* How to complete this task *
When you copy from the entries that follow, take only the lines from the one with "図書委員会では、毎月1回図書館入口にて、テーマを決めて展示しています。" down to the one with "越谷市消防音楽隊の皆様が来て", keeping both ends and dropping every picture.

Material to process Block Start

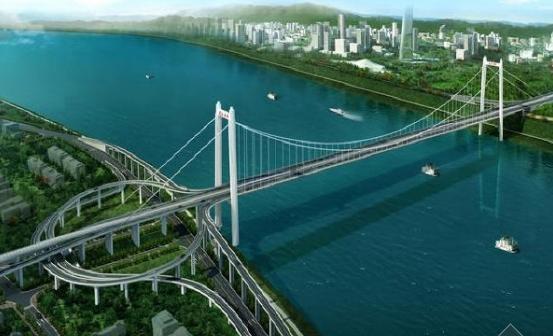 幾江長江大橋,是江津城區(qū)繼江津長江公路大橋、外環(huán)江津長江大橋、鼎山長江大橋之后的第4座跨江大橋??偼顿Y20.3億元,全長1897米,主跨600米雙索面懸索橋,橋?qū)?3米,雙向6車道。該橋南起幾江街道濱江路東門口,北至濱江新城滸溪口,在北岸連通已有的南北大道、九江大道、西江大道和繞城高速,與西彭、雙福、珞璜、大學城無縫對接。
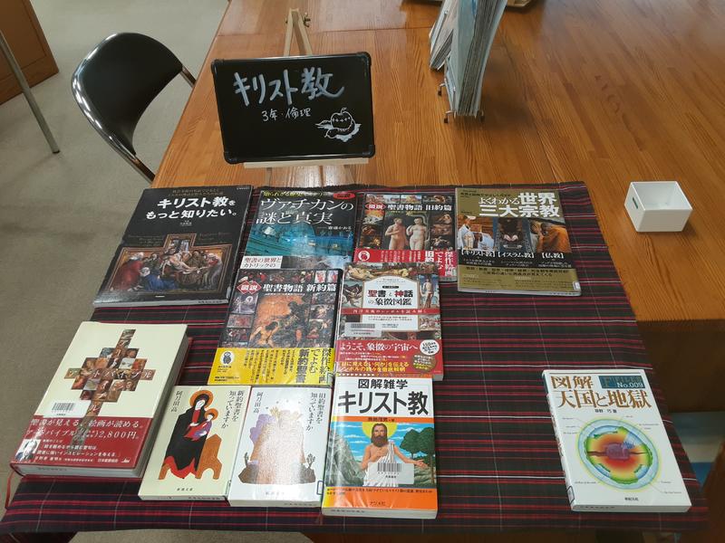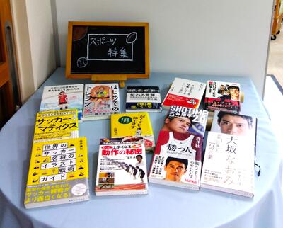 図書委員会では、毎月1回図書館入口にて、テーマを決めて展示しています。
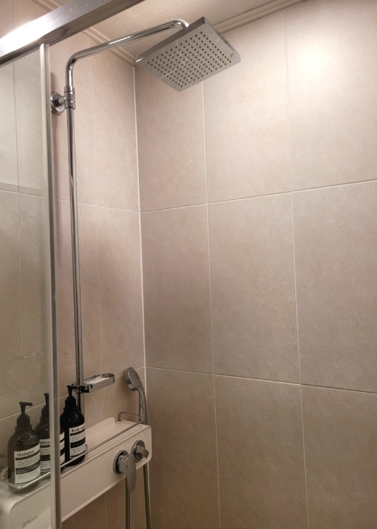 화장실은 1개였지만 4명이 사용하기에 전혀 부족함이 없었습니다. 샤워 공간과 세면 공간이 분리되어 있어 물이 튀는 일도 없었고, 바닥 미끄럼 방지나 문 여닫이 등의 편의성도 잘 갖추어져 있었습니다.
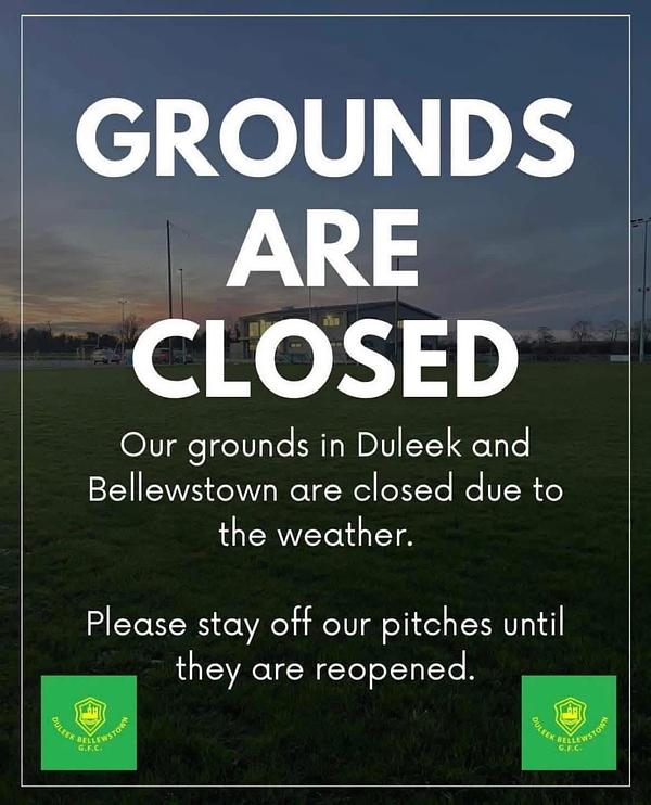 Our grounds in Duleek and Bellewstown are currently closed due to the bad weather. Please stay off our pitches until they are reopened.
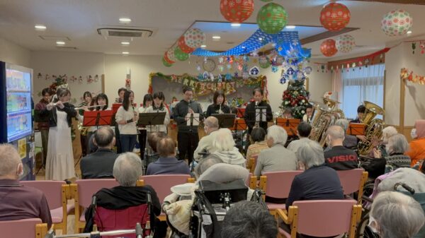 越谷市消防音楽隊の皆様が来てくださいました!!越谷市消防音楽隊.総勢22名の迫力ある演奏会でした。入居者様も大変盛り上がっていました。
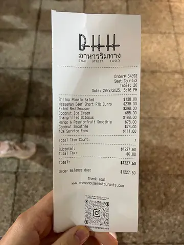 放假前同朋友一齐嚟咗呢间喺 PMQ 嘅泰国🇹🇭餐厅🍽️食午餐🤣BKK Thai Beef Salad 炭烧封门柳沙律配米粉跟特色酱汁:材料包括《Grilled beef salad with assorted vegetables and homemade sauce 炭烤澳洲牛肉、葱、芫荽、番茄、干葱、辣椒》🤩;炭烤澳洲牛肉烤到大约8成熟,肉质软熟好牛味🤣;食之前将自家制酱汁同所有材料捞匀一齐食,加有芫荽嘅沙律菜同埋酸酸甜甜嘅沙律汁,食得好开胃🤣Thai King Chicken Curry 泰皇咖哩鸡配白饭:材料包括《Chicken, Lemongrass, onion, thai garlic, herbs and coconut sauce 鸡肉、香茅、洋葱、香蒜、泰式香草、椰子酱》🤣;咖喱汁非常香滑唔系好辣,有浓郁椰汁味,要嚟捞饭食好正🤣;鸡件亦都几滑🤣Hainanese Chicken with Rice 泰式海南鸡饭:有油饭有汤有鸡,系几高质素嘅海南鸡饭🤣Berry Refresher:材料包括《Fresh berries, Cucumber, Basil, Mint, Honey Cold Brew, Thai Green Tea》,清新几好饮🤣Mango & Passionfruit Smoothie:有几香浓嘅芒果味🤣Thai Mango Sticky Rice 芒果椰汁糯米饭 :芒果新鲜糯米烟靭🤣…查看更多
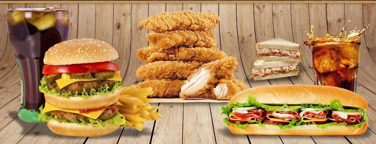 Carne de pollo con lechuga, tomate y queso edam, acompañado de papas fritas
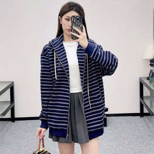 25秋季字母刺绣条纹撞色休闲时髦显瘦百搭连帽长袖拉链卫衣外套女
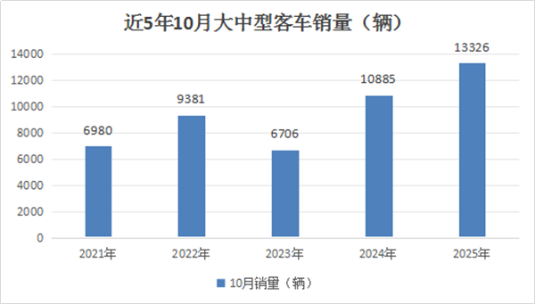 上图可见,2025年10月6米以上客车销量13326辆,创近5年同期最高,可见今年10月的大中客市场最好的年份,创近年最旺“银十“。 主要还是得益于今年以来老旧新能源公交客车“以旧换新”补贴政策的刺激及市场需求增加的驱动所致。
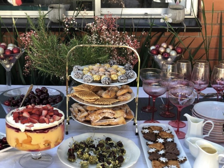 Zur festlichen Tischdeko gehören an Weihnachten in Australien sogenannte Paper Crackers (Knallbonbons). Das sind Bonbons, die man auseinanderzieht, um sie zu öffnen. Drinnen befindet sich oft ein kleines Geschenk, ein Hut aus Papier und ein kleiner Witz. Ich persönlich kannte diese Knallbonbons davor noch nicht und habe mich sehr über diese kleine Geste gefreut. Das Weihnachtsessen ist nicht sehr traditionell. Jede Familie isst das, worauf sie Lust hat. Aber meist isst man trotz heißer Temperaturen einen Braten. Bei uns gab es außerdem eine Vorspeisenplatte, die die Australier „Platter“ nennen. Sie war gefüllt mit Käse, Nüssen, Crackern und Früchten.
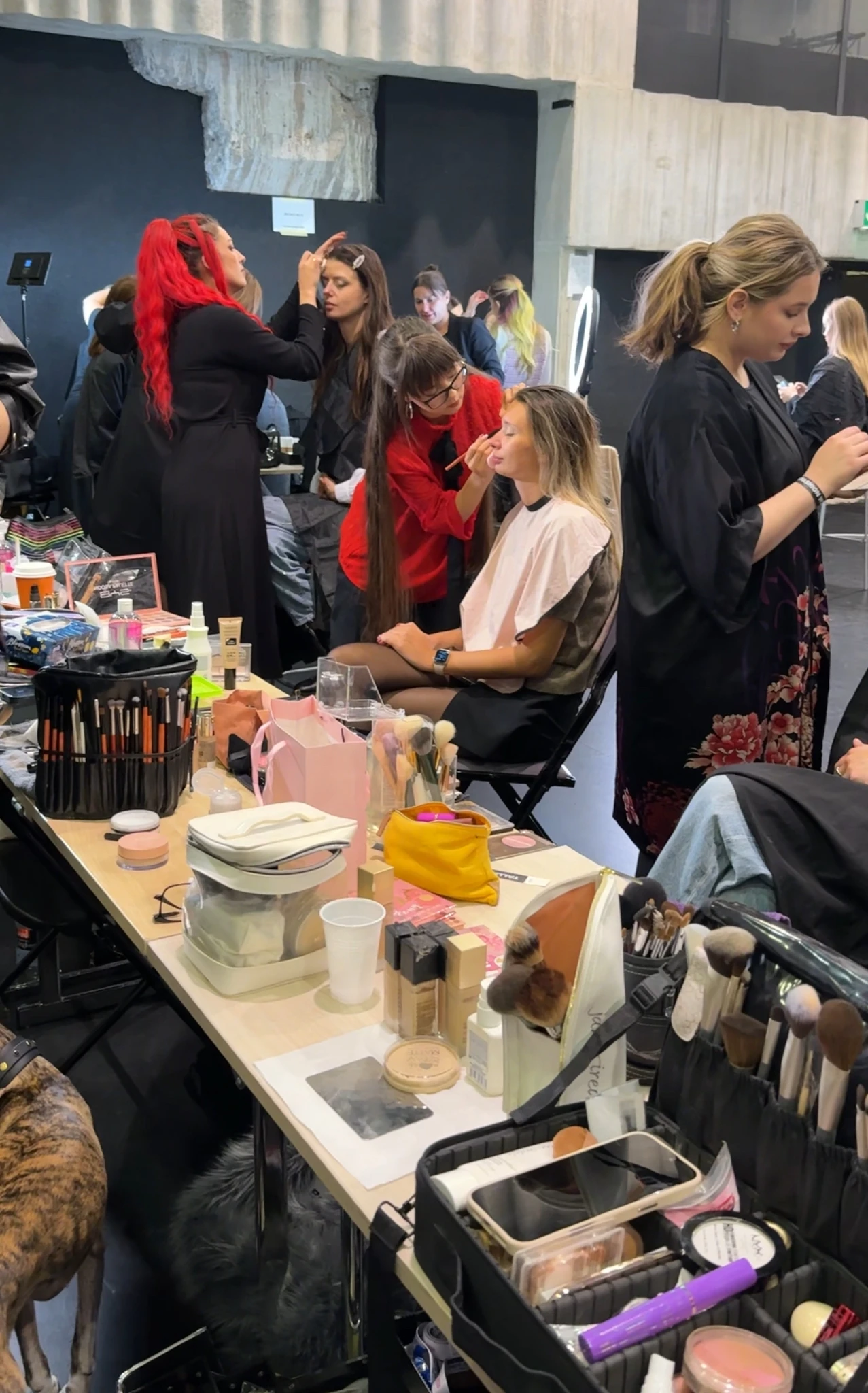 GlamEst meigitiim @ Tallinn Fashion Week 2025, kus GlamEst vastutas Mammu Couture ja Toivo Freeman Pilt modellide meikide eest.
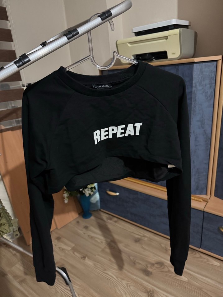 Kadın Siyah Baskılı Crop Sweatshirt
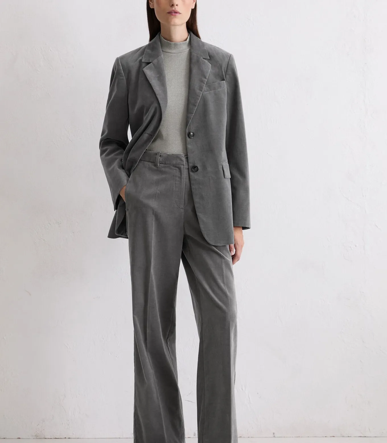 Jas en broek – fluwelen tweedelige pakken zijn nu een absolute modehit. De casual blazer is de perfecte garderobe essential voor de herfst en winter en vormt ook de beste basis voor deze trend. Naast de klassieke suitelook zijn er nog veel meer modieuze gimmicks mee mogelijk. De single–breasted blazer heeft een diepe V–hals, een revers, een borstzak en twee klepzakken en ronde stiksels. Een split middenachter en mouwsplitten met knopen zijn nog meer coole details. Onze tip: draag met de bijpassende fluwelen broek. De blazer is volledig gevoerd met viscose.
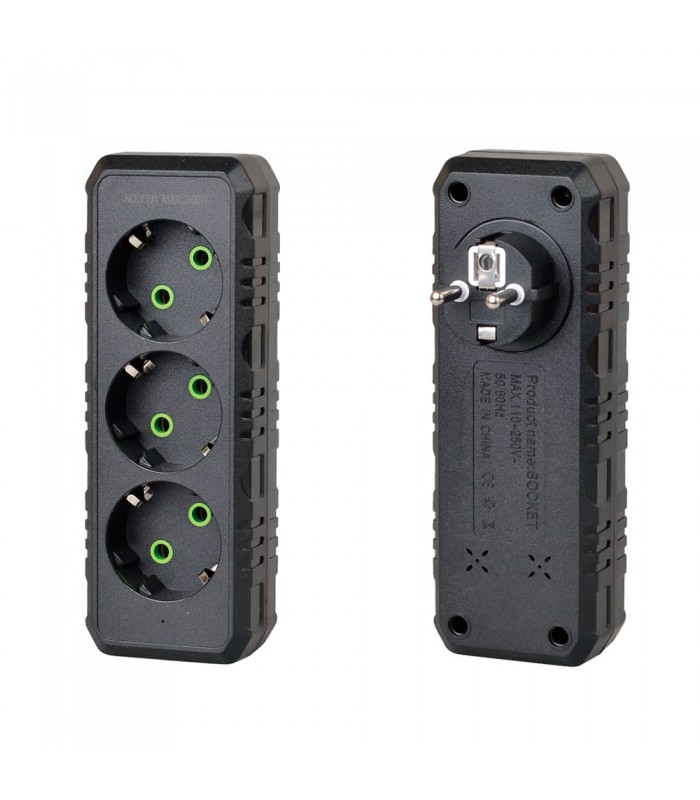 Розетка трійник із заземленням F101-Black, 3 розетки, 2500W, 10A, 110-250V~Max, Blister Новинка
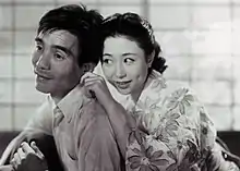 Avec Nobuko Otowa dans Histoire d'une épouse bien-aimée (1951).

Material to process Block End

* Solution *
 図書委員会では、毎月1回図書館入口にて、テーマを決めて展示しています。
 화장실은 1개였지만 4명이 사용하기에 전혀 부족함이 없었습니다. 샤워 공간과 세면 공간이 분리되어 있어 물이 튀는 일도 없었고, 바닥 미끄럼 방지나 문 여닫이 등의 편의성도 잘 갖추어져 있었습니다.
 Our grounds in Duleek and Bellewstown are currently closed due to the bad weather. Please stay off our pitches until they are reopened.
 越谷市消防音楽隊の皆様が来てくださいました!!越谷市消防音楽隊.総勢22名の迫力ある演奏会でした。入居者様も大変盛り上がっていました。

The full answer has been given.